Look through the entries below for the line with "- If you do" and the line with "歯周病は、なんと日本人の死亡", then give again exactly those two lines and all lines between them, minus the pictures.

──────── INFORMATION GIVEN

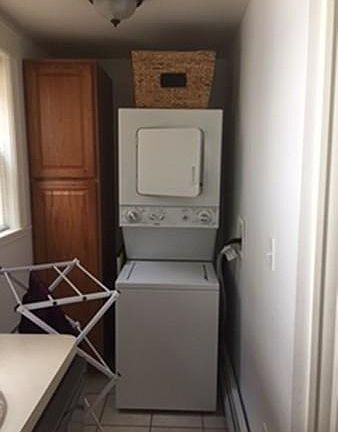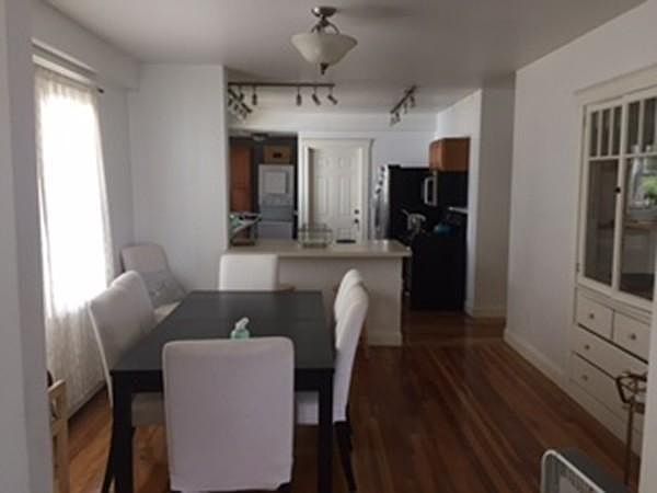 This amazing rental unit is located steps from Chandlers Pond, Newton Commonwealth Golf Course and shopping, etc. The interior was renovated between 2011 and 2013. The kitchen has ceramic tiled floor, stainless steel appliances, granite counter tops and an alcove with Bosch washer/dryer unit. The layout is open to the dining room/living room giving the unit a very spacious feel. There are gleaming hardwood floors in the LR/DR and Bedrooms There are two good size bedrooms - the third is on the smaller size and there is one full bath. Garage parking and a second off street space is included in the rent. Tenant pays all utilities except water and sewer. Available 8/5 First, Last, SD and one months fee rental fee due at lease signing.
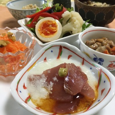 まぐろの山かけ、野菜サラダに煮玉子とピクルス、キャロットラペ、キムチ納豆。
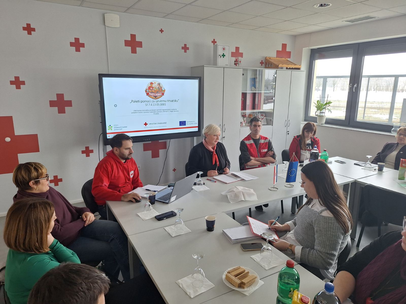 Provedbom projekta „Paketi pomoći za sjevernu Hrvatsku“ ublažit ćemo posljedice siromaštva i materijalne deprivacije više od 8.000 korisnika s područja Koprivničko-križevačke, Varaždinske, Međimurske, Krapinsko-zagorske i Zagrebačke županije podjelom paketa hrane i osnovne materijalne pomoći do kolovoza 2028. godine. Zbog velikog geografskog područja provedbe i broja potencijalnih korisnika ovaj složeni projekt iziskuje visoku razinu koordinacije nositelja i 21 partnera te je nakon predstavljanja projekta i njegovih ciljeva održan i radni sastanak kojeg je vodila ravnateljica GDCK Koprivnica Adela Sočev. Okupljeni predstavnici društava Crvenog križa tom prilikom su usuglasili sve parametre potrebne za početak provedbe aktivnosti.
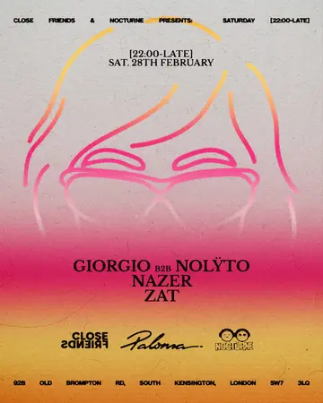 CLOSE FRIENDS X NOCTURNE X Paloma takes place at Paloma in London, United Kingdom on Saturday, February 28, 2026. House, Afro House.
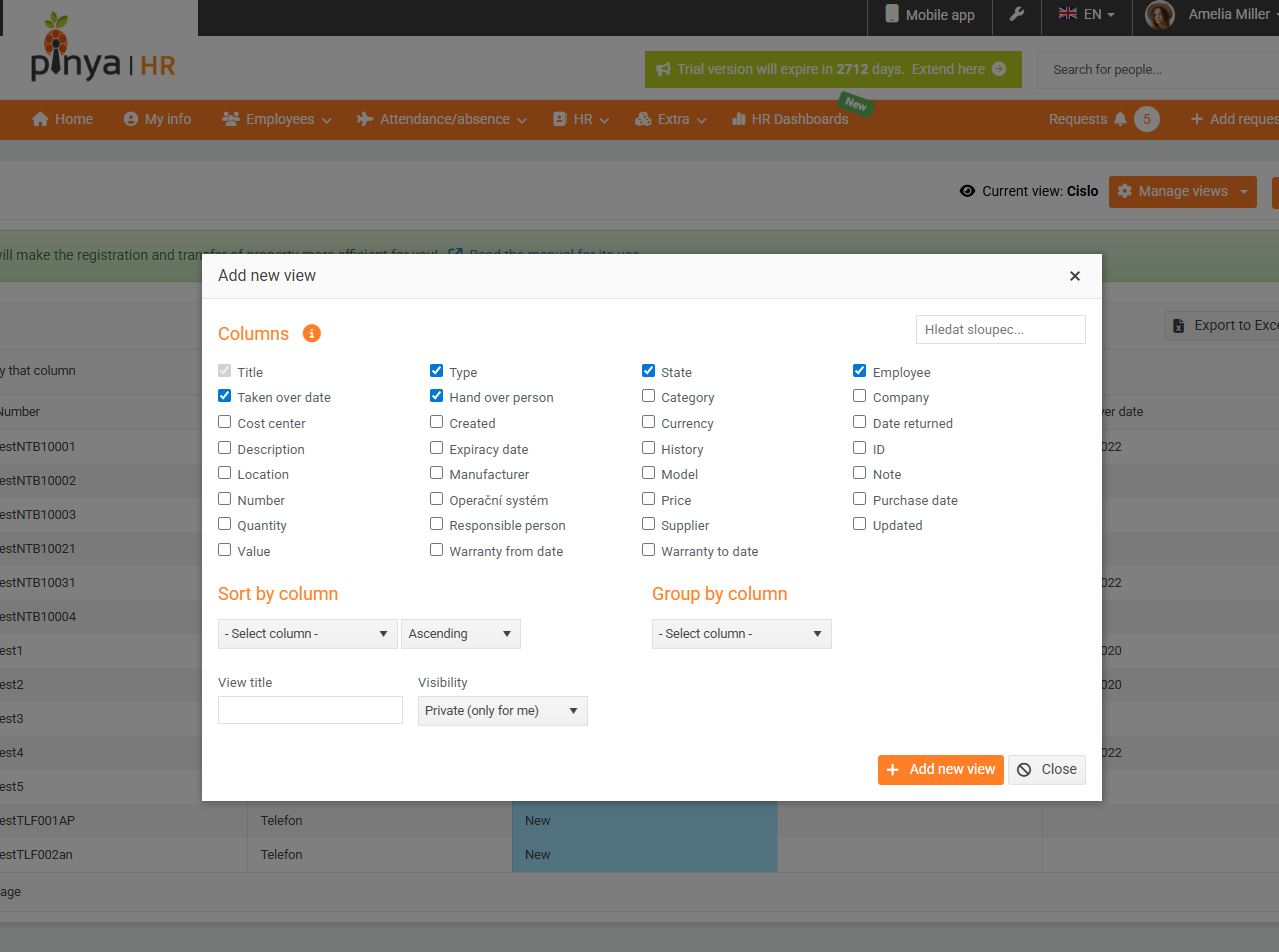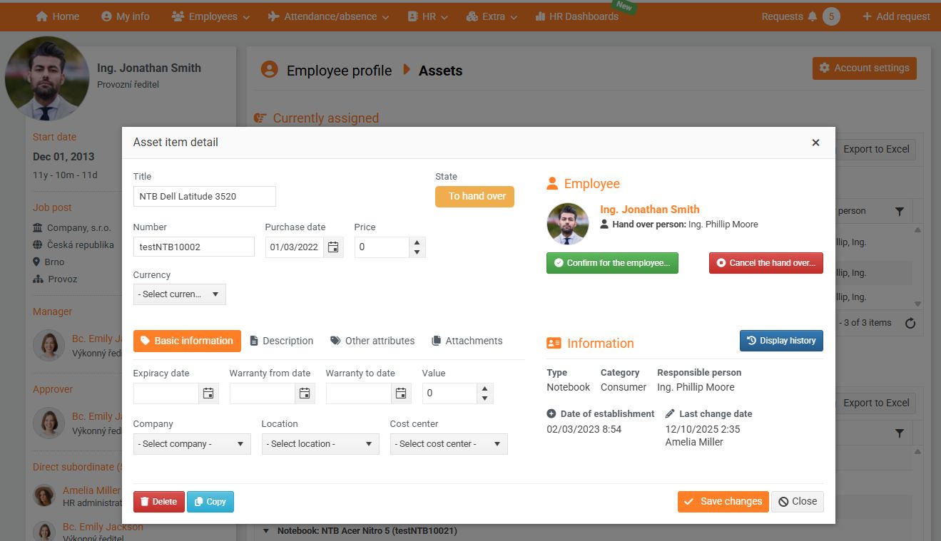 - If you do not check the box, the employee will be prompted to take over the property, the item will have the status To be handed over .
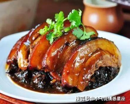 9)滤出汤汁,盛入另一个碗中待用。把腌菜和肉倒扣在盘子里,把剩下的汤勾芡,加点味精提味浇在肉上。
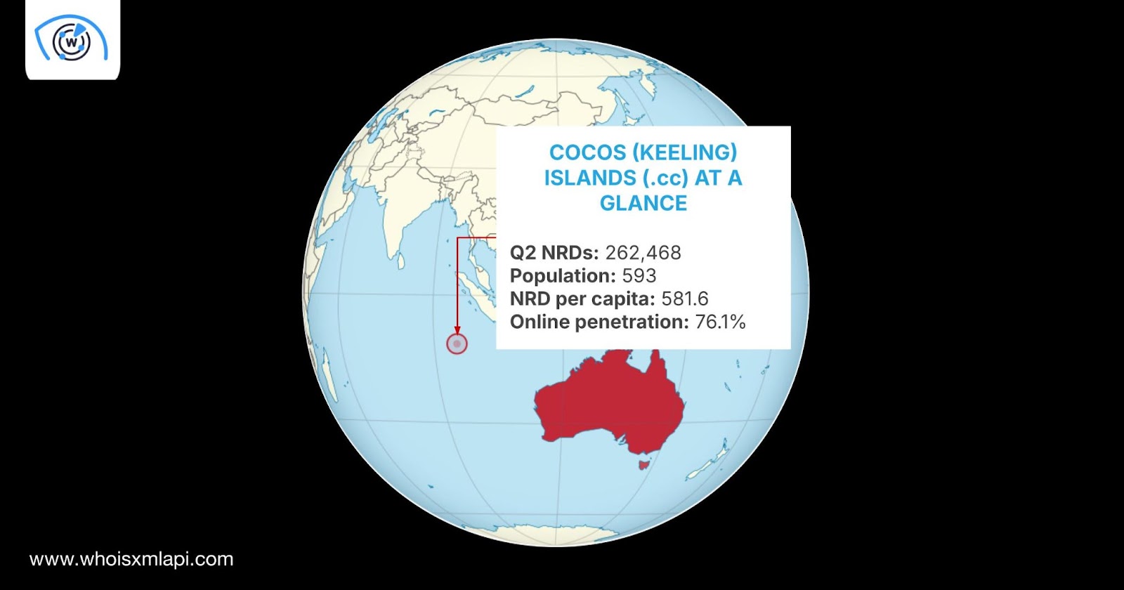 The Cocos (Keeling) Islands’ .cc ccTLD continued to register an NRD volume-to-population size incongruence for the third consecutive quarter. In particular, .cc accounted for 262,468 NRDs despite having only 593 residents and an online penetration rate of 76.1%. That translated to an NRD per capita of 581.6.
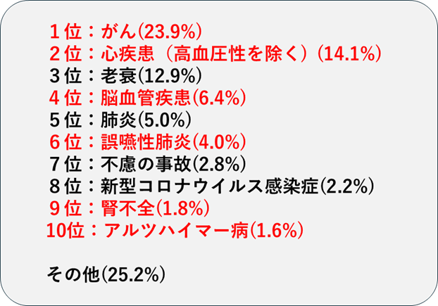 歯周病は、なんと日本人の死亡原因トップ10のうち6つが歯周病と関連しているとされています。
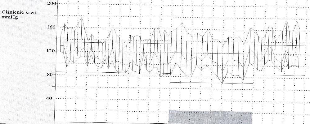 Pacjent l. 33, palacz tytoniu, otyły, informatyk prowadzący stresujący tryb życia, mało aktywny fizycznie, z obciążającym wywiadem rodzinnym w kierunku nadciśnienia tętniczego i choroby wieńcowej, zgłasza się do lekarza z powodu kłujących dolegliwości bólowych w klatce piersiowej. Wykluczono ich kardiogenną etiologię, ale w toku diagnostyki stwierdzono w EKG cechy przerostu lewej komory serca, hiperlipidemię mieszaną i podwyższony poziom glukozy na czczo. Ciśnienie tętnicze zmierzone w gabinecie wynosiło 132/88 mmHg (średnia z dwóch pomiarów). Pacjenta skierowano na 24-godzinną rejestrację ciśnienia, w której stwierdzono dobową średnią ciśnienia 136/90 mmHg, średnią z okresu dnia 142/89 mmHg i z okresu nocy 122/81 mmHg. U tego pacjenta należy rozpoznać:
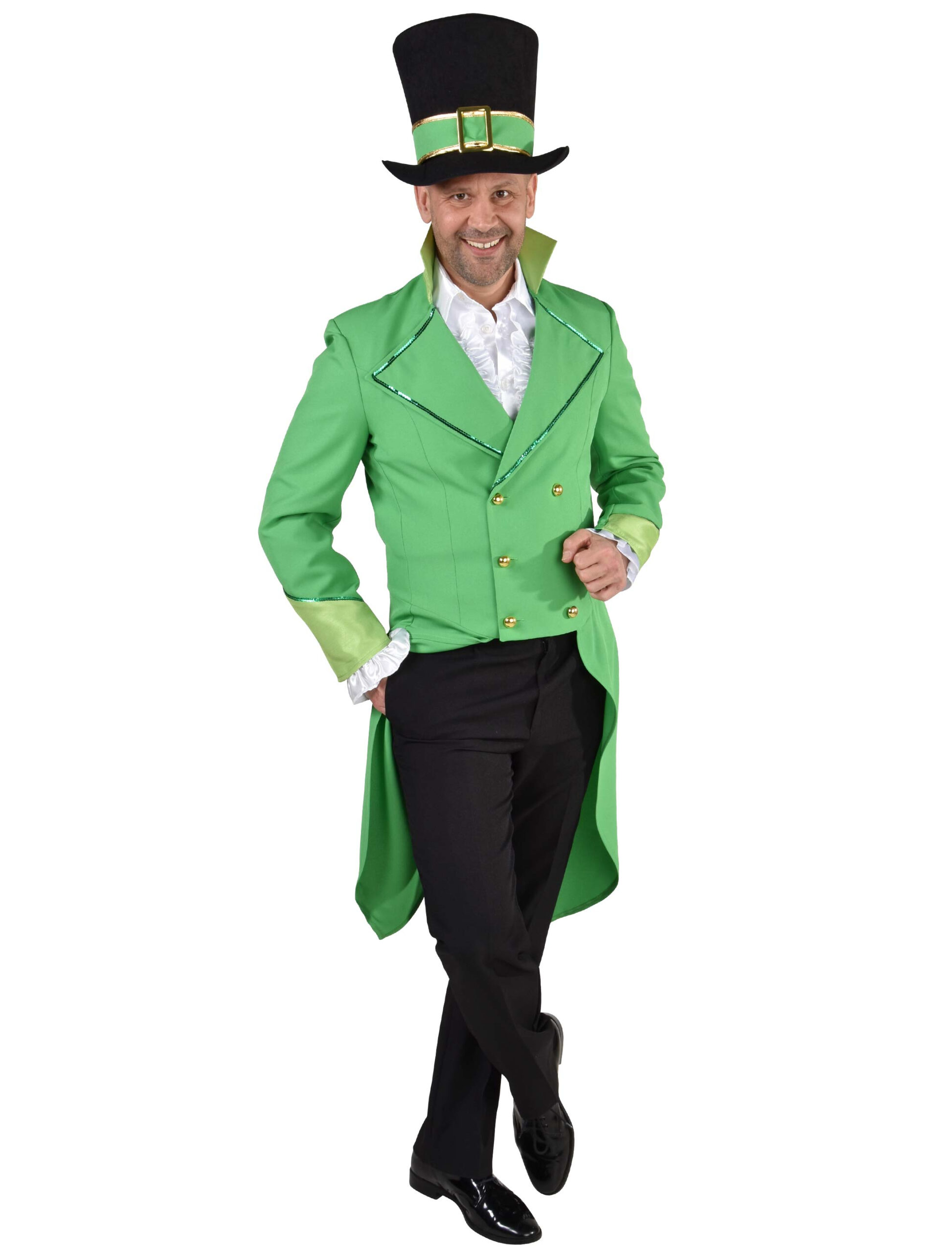 Grasgrün wie die Nationalfarbe der Iren präsentiert sich dieser stylische Frack, der extra für den St. Patricks Day designt wurde. Natürlich trägt der Herr von Welt ihn auch zum Karneval. Zeige Deine Verbundenheit mit Irland mit diesem ganz besonders auffälligen Stück. Eine schmale Borde glitzernder grüner Pailletten lässt den Frack noch edler wirken, goldene Knöpfe zieren seine Front. Der Schwalbenschwanz ist knielang, Details an Ärmeln und am Kragen sind in hellerem Grün abgesetzt.
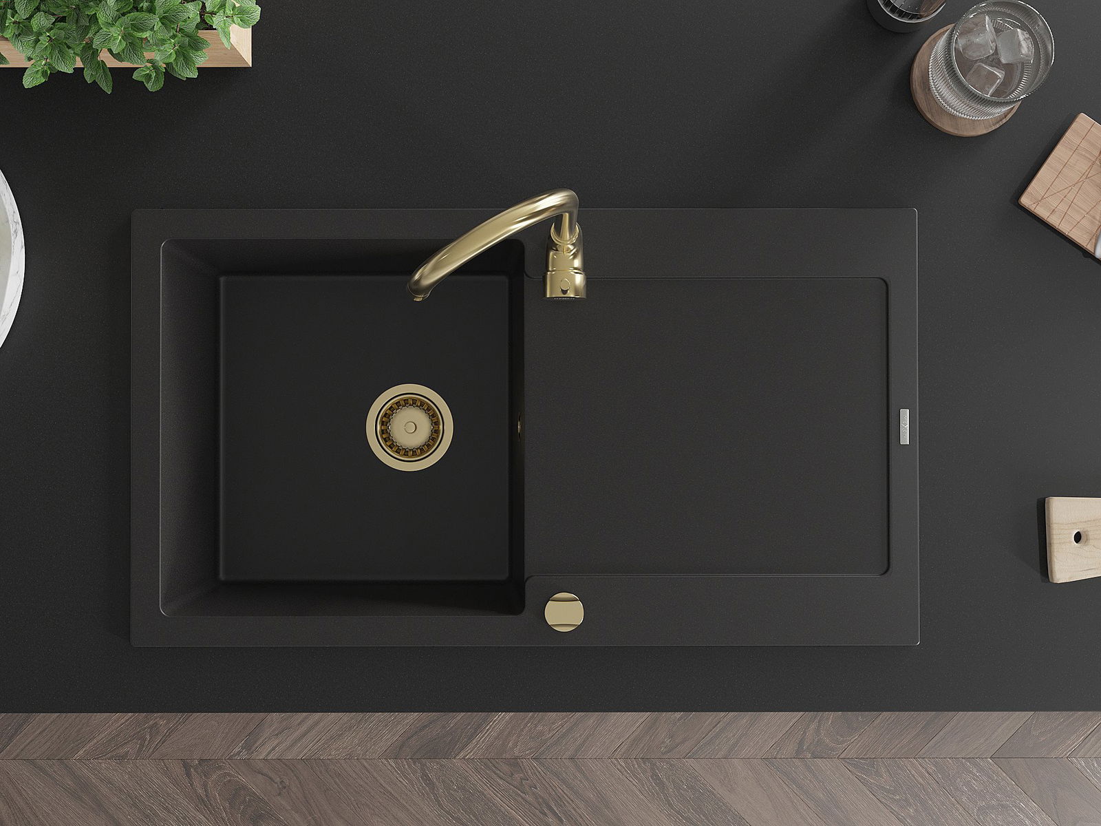 Izlietnei ir 2 daļēji izurbtas atveres ar diametru 35 mm, kuras var pašrocīgi izsist. Tās var izmantot, piemēram, šķidruma dozatora uzstādīšanai, kas novērsīs plastmasas pudeļu klātbūtni virtuvē un piešķirs tai elegantu apdari.

────────────────

> [WRITTEN RESPONSE]
 - If you do not check the box, the employee will be prompted to take over the property, the item will have the status To be handed over .
 9)滤出汤汁,盛入另一个碗中待用。把腌菜和肉倒扣在盘子里,把剩下的汤勾芡,加点味精提味浇在肉上。
 The Cocos (Keeling) Islands’ .cc ccTLD continued to register an NRD volume-to-population size incongruence for the third consecutive quarter. In particular, .cc accounted for 262,468 NRDs despite having only 593 residents and an online penetration rate of 76.1%. That translated to an NRD per capita of 581.6.
 歯周病は、なんと日本人の死亡原因トップ10のうち6つが歯周病と関連しているとされています。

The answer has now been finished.